Отсюда, с горы, стало как бы светлей, и высокие, крытые шифером крыши домов струились с улицы на улицу живыми спокойными волнами. По-прежнему трещали мотоциклы, взбивая пыль; с полей доносился натужный вой трактора, все еще гомонили, растекаясь по улицам, школьники, и горько, страдальчески взмакивала раз за разом запертым нутром где-то во дворе корова. Далеко-далеко синел за запанью, где шла Ангара, противоположный берег и круто, почти отвесно вздымалось над ним чистое застывшее небо с одним-единственным, заткнутым за горизонт пером легкого, чуть подкрашенного облачка. Здесь же, над головой, небо уже остыло и смеркалось, клонясь туда же, в сторону Ангары. Было не как в Матёре, где сразу после солнца прохватывала свежесть, – было кругом тепло и сухо, и шло это тепло от нагретой за день земли и построек, чувствовалось, как пахнет от них краской и бензином.
Павел вышел на свою улицу, застроенную только с одной стороны против леса, дошел до калитки и остановился, высматривая, нет ли среди бродящих в кустах, потрескивающих сучьями коров Майки. Ее не было. Павел заглянул в щелку в заборе и увидел, что она во дворе.
До чего умная корова – и здесь, где скот одичал без выпасов и присмотра, шастая, как звери, по лесу, она сама каждый день приходит домой. И вот такую умницу-послушницу придется скоро загубить. Павел подумал, что понадобится кого-то звать на это дело, потому что сам он за него – хоть убей – не возьмется и даже сбежит со двора и станет бродить, пока не приберутся.
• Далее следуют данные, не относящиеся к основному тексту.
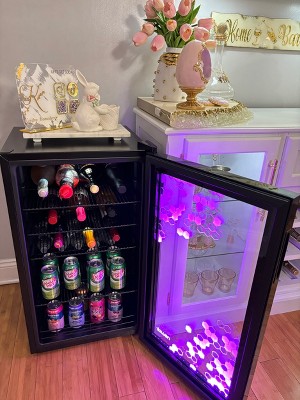 I absolutely love this fridge, it's so pretty! Not only it can hold up to 85 cans of beverage and snacks, it looks sleek and modern, perfect for my gaming room. The RGB lighting is bright and beautiful, it also doubles as decor for my gaming setup, and the prismatic effect on the glass door adds such a unique, cool look. It's also really quiet, I can barely hear a thing. Highly recommended!
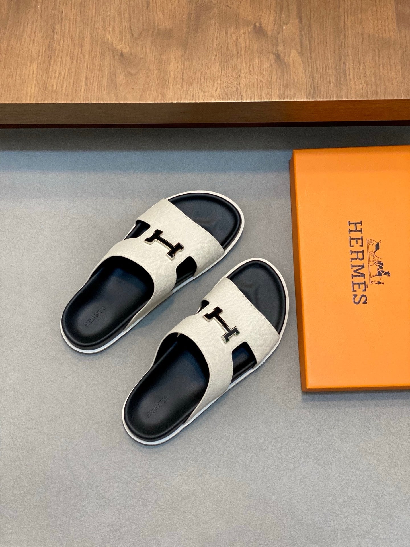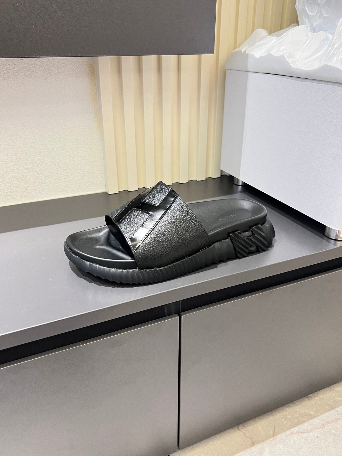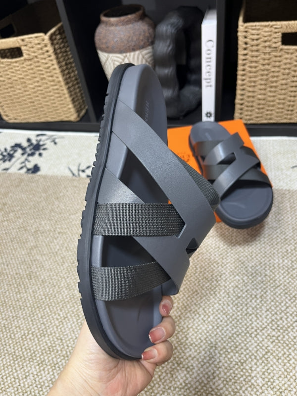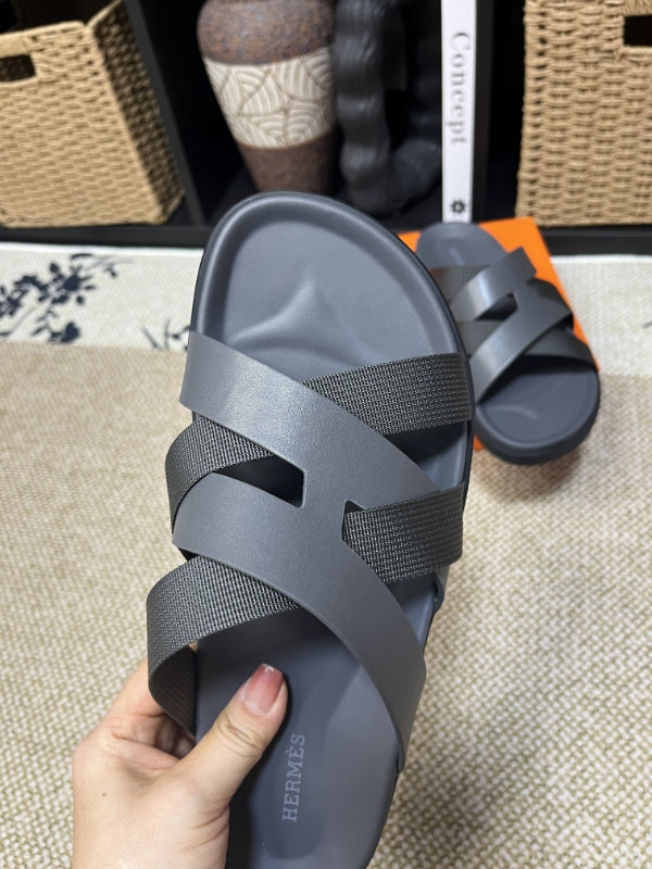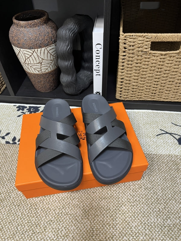 HM Men's Kazimir Slide Black Silver Calfskin 562771

Он не мог смотреть, когда поросенка легчили или отрубали голову петуху, и Соня, решительная в таких действиях, только бессильно и брезгливо махала рукой, когда он норовил сбежать. Войну прошел, перевидал всяких смертей за глаза, до сих пор по ночам воюет и прощается с убитыми, но тут поделать с собой ничего не может, таким уродился.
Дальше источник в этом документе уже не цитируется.